The simple and obvious purpose of this 'questionnaire' is not to sincerely dispute a filing, but rather, to intimidate and mislead. Like all of its kind, it invites the recipient to entertain the suspicion that what they have done is actually what the questionnaire's authors suggest that they have, or to fear that they will be burdened with explaining how that is not so unless they meekly abandon their claim.
Doubtless its authors also hope that their deliberate efforts to evade the federal revenue laws, by failing to make refunds as they are obliged to do, will be forgiven as a misunderstanding when they are called to account for it. I believe each of these purposes will fail, and, though I'd rather it didn't go to this much trouble, I suppose I must thank the IRS for once again demonstrating that what is explained about the law in 'Cracking the Code- The Fascinating Truth About Taxation In America' is nothing but the truth.

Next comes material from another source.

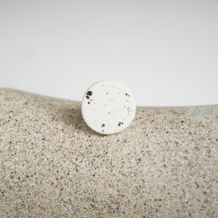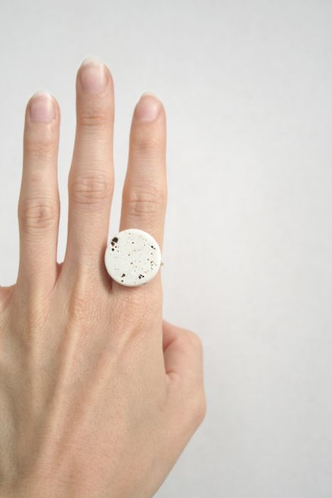 Unikatowy, ręcznie wykonany pierścionek charakteryzujący się prostą, okrągłą formą, w której zatopiono pieprz.
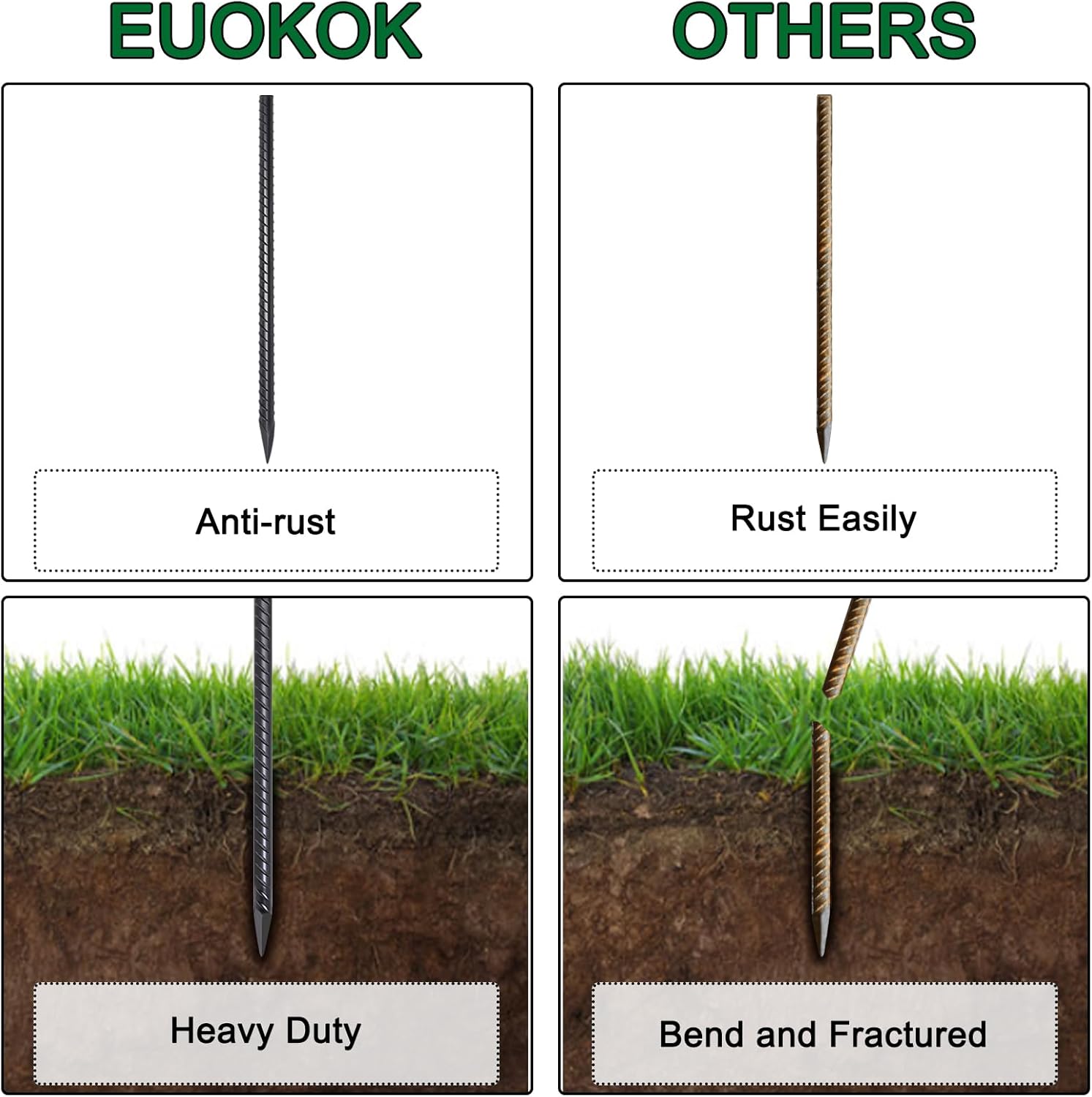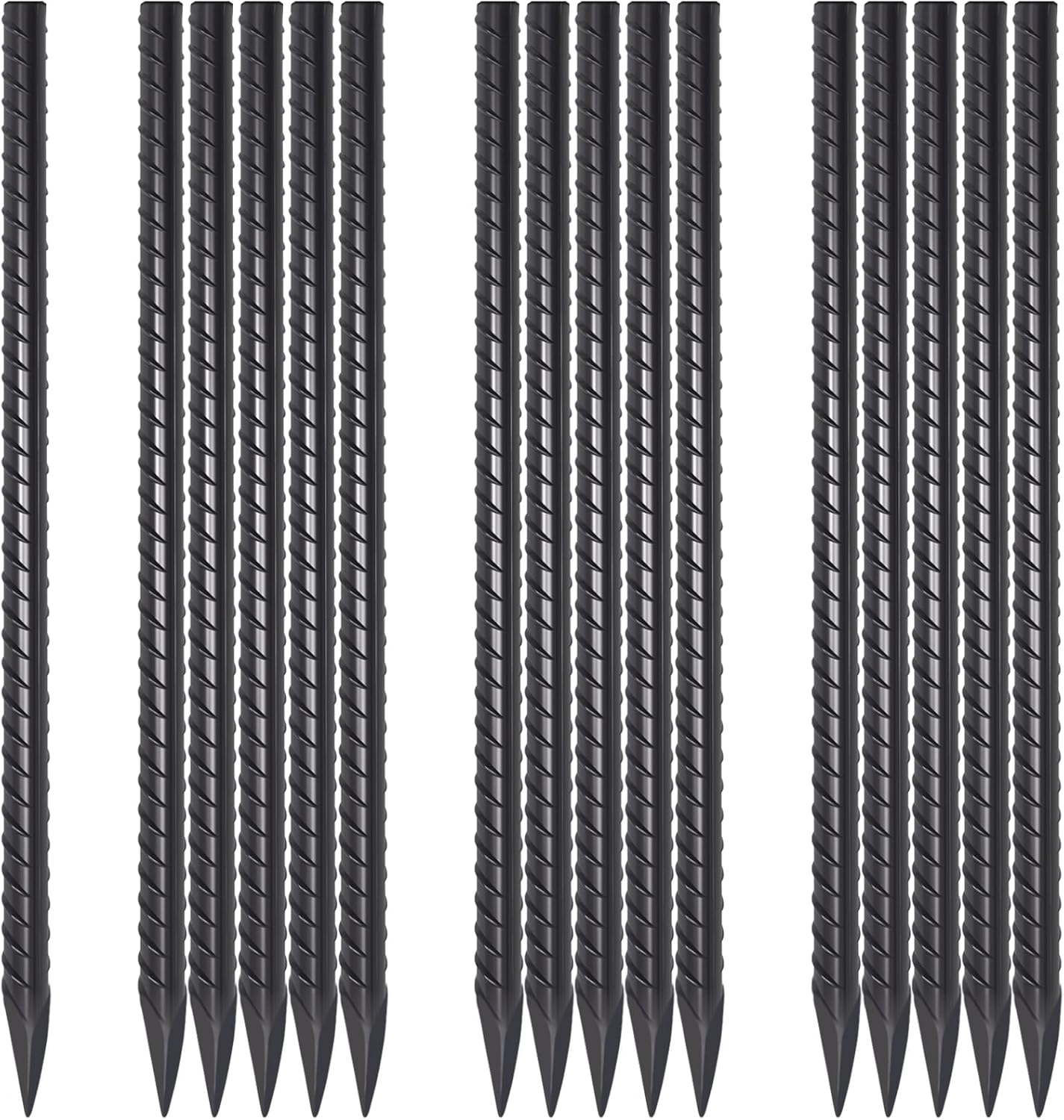 - Rebar Spikes: 16 inch rebar ground stakes are crafted from high quality solid steel and applied black coat, withstanding harsh weather and resist broken for long lasting performance. Black coating for all types ground even in wet soils for years

(And if I should happen to get one of these 'questionnaires' myself, I'll owe the 'service' yet another thank you-- for the free bird cage liner. I certainly wouldn't respond to the thing-- to do so might be taken as an agreement that I am a filer of the sort to whom the 'questionnaire' is directed.
The fact is, I have already made clear that this 'questionnaire' does not apply to me, by means of my filed return. Furthermore, not only do these 'questionnaires' not even purport to be "required", but they also do not constitute the sort of "reasonable requests for information" that the Secretary of the Treasury is statutorily entitled to make for certain purposes and under certain circumstances, such as those specified at 26 USC 6201(d).
Such "reasonable requests" must directly relate to claims, deductions, etc. which actually WERE made on a return, and then only from an accountancy standpoint. Under no circumstances can the Secretary or his delegates make a "reasonable request" regarding what a filer may have been reading lately, the particulars of his or her views on the law, or anything else appearing on this 'questionnaire'.)